Atlas A3 training products/Atlas A3 inference products

Atlas A2 training products/Atlas A2 inference products

Atlas 200I/500 A2 inference products

Atlas inference products

Atlas training products

For Atlas A2 training products/Atlas A2 inference products, only the Atlas 800T A2 training server, Atlas 900 A2 PoD cluster basic unit, and Atlas 200T A2 Box16 heterogeneous subrack are supported.

For the Atlas inference products, only the Atlas 300I Duo inference card is supported.

Description

Initializes the HCCL based on rootInfo to create an HCCL communicator.

This API can be called concurrently by multiple threads within the same process. However, it only supports single-device single-thread scenarios. Concurrent calls on a single device across multiple threads are not supported.

As shown in the following figure, step 0 and step 1 cannot be called concurrently.
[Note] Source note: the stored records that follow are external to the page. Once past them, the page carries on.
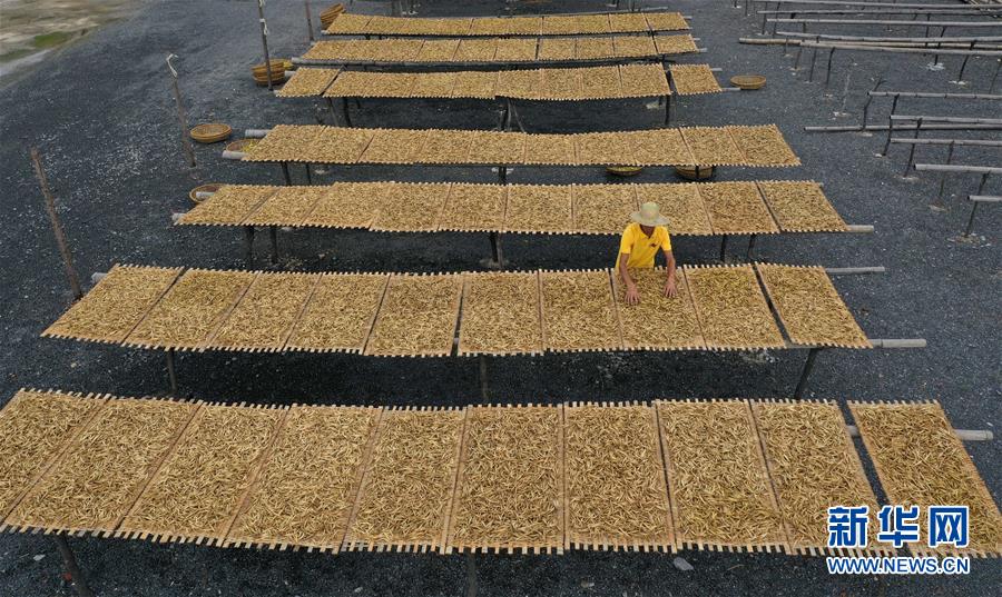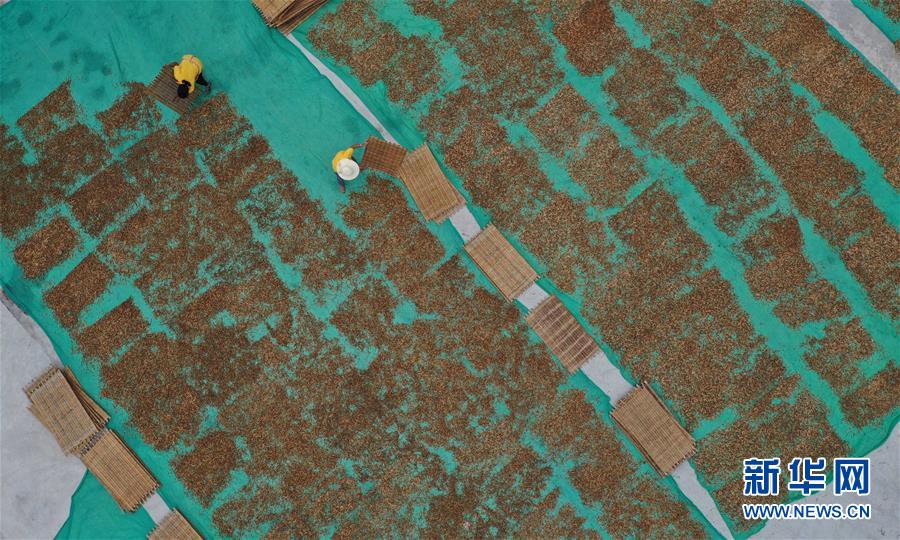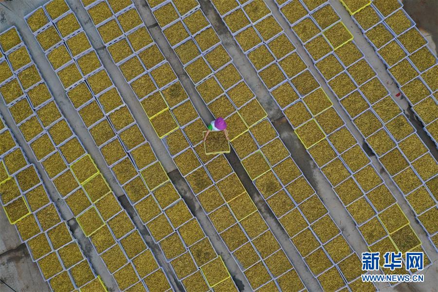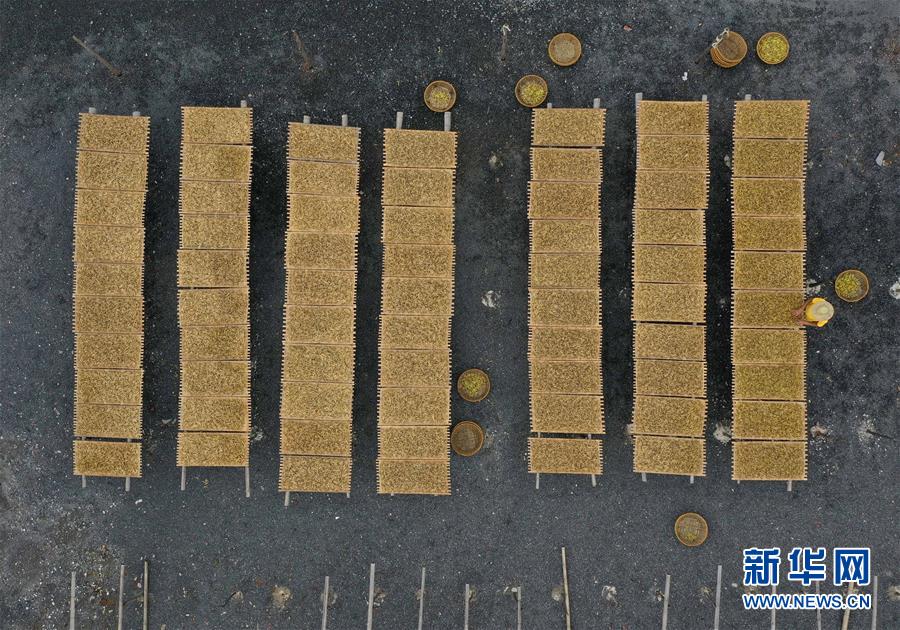 7月12日,祁東縣黃土鋪鎮(zhèn)雁隆食品公司內(nèi),工人在晾曬黃花菜(無(wú)人機(jī)照片)。新華社記者 趙眾志 攝
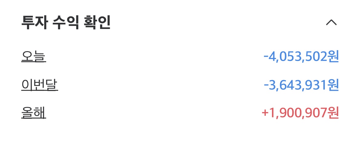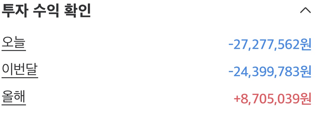 8월 1일부터 큰 하락을 맛보면서 이번 달 수익은 마이너스 2,800만 원 정도 올해 수익은 1,100만 원 정도
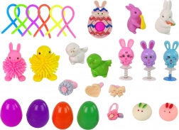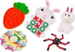 L’ensemble contient au total 24 pièces : un jeu de morpion (tic-tac-toe), une carotte pop it, 4 figurines de lapins, une toupie + une toupie « Happy Easter », 3 jouets sauteurs, 6 serpents en caoutchouc, un lapin anti-stress, 2 squishys lapins, 4 bagues, 2 lapins à presser, un lapin pop it avec excroissance et 4 œufs pliables. Grâce à ses dimensions compactes, le coffret est parfait pour les voyages et la maternelle.
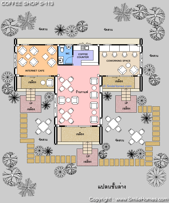 ร้านกาแฟ หรือ Coffee Shop สไตล์ Modern ( สามารถปรับเป็นร้าน Internet Cafe ได้ ) ตัวอาคารยกระดับจากพื้นดิน 1.00 ม. รูปทรงภายนอกเป็นสไตล์ Modern ดูทันสมัย สวยงาม หลังคาเป็น Metal Sheet ที่มีช่องแสง Sky-Light ด้านบน เน้นทางเข้า ด้วยบันไดทางขึ้น มีเฉลียงยาวด้านหน้า ภายในมีส่วนต้อนรับ และส่วนร้านกาแฟแบบโปร่งโล่ง ด้านในมีส่วน Internet Cafe พร้อมระบบ Wi-Fi สำหรับบริการ Internet และมีส่วน Coworking Space เป็นส่วนนั่งทำงาน มีคอมพิวเตอร์ สำหรับบริการลูกค้า มีส่วน Coffee Counter และห้องน้ำ ชั้นล่าง
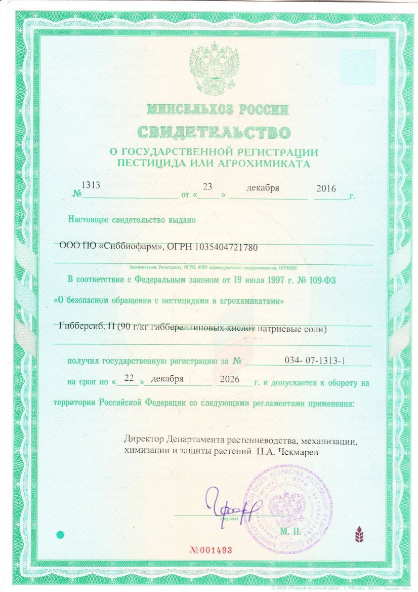 Гиббереллиновых кислот натриевые соли, 5,5 г/кг.
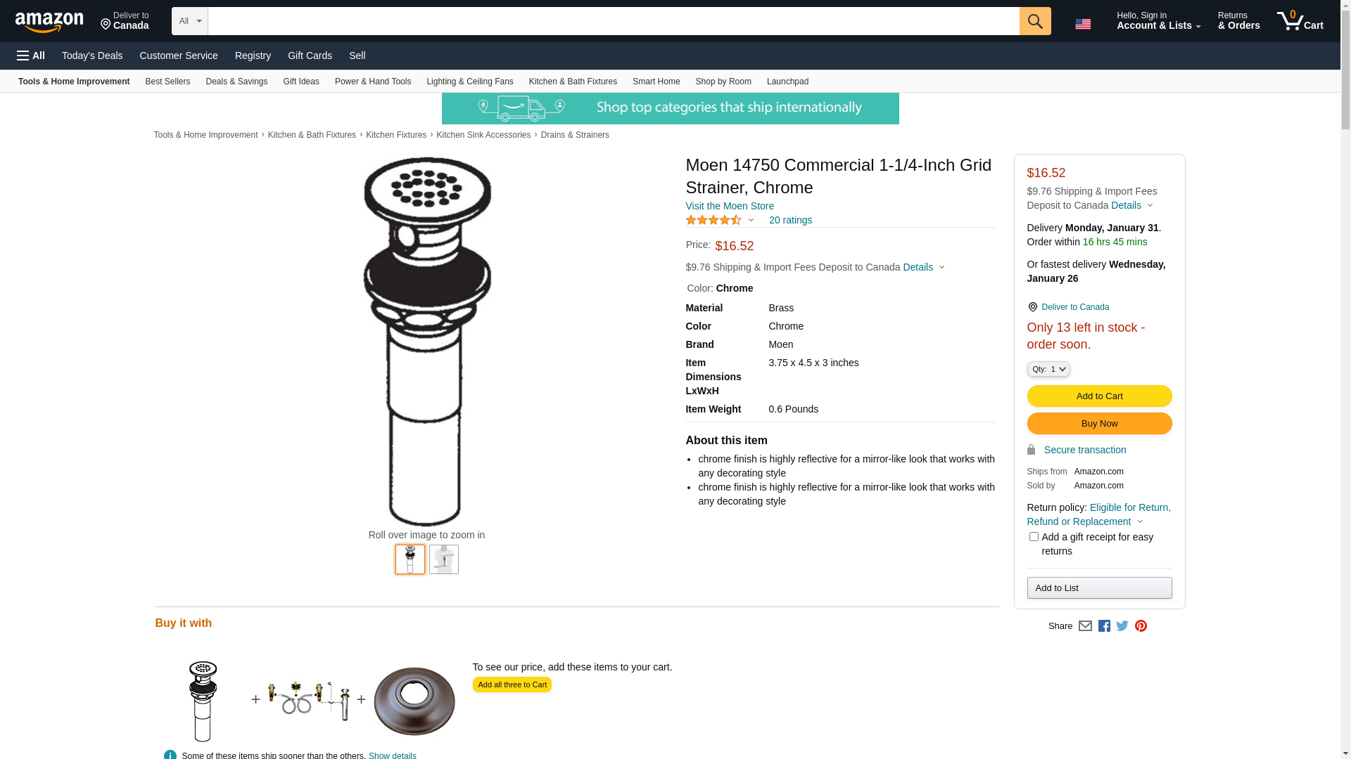 Moen Moen 14750 1-1/4" Grid Strainer Drain Assembly

Step 1 must be executed serially after step 0.

Prototype

1
HcclResult HcclCommInitRootInfo(uint32_t nRanks, const HcclRootInfo *rootInfo, uint32_t rank, HcclComm *comm)

Parameters

Parameter

Input/Output

Description

nRanks

Input

Number of ranks in a cluster.

rootInfo

Input

Root rank information, including the IP address and ID of the root rank, which is generated by HcclGetRootInfo.

rank

Input

ID of the current rank.

comm

Output

Pointer to the initialized communicator.

For details about the definition of the HcclComm type, see HcclComm.

Returns

HcclResult: HCCL_SUCCESS on success; else, failure.

Constraints

The values of nRanks and rootInfo of all ranks in the same communicator must be the same.

Example

 1
 2
 3
 4
 5
 6
 7
 8
 9
10
uint32_t rankSize = 8;
uint32_t deviceId = 0;
// Generate the identification information of the root rank.
HcclRootInfo rootInfo;
HcclGetRootInfo(&rootInfo);
// Initialize the communicator.
HcclComm hcclComm;
HcclCommInitRootInfo(rankSize, &rootInfo, deviceId, &hcclComm);
// Destroy the communicator.
HcclCommDestroy(hcclComm);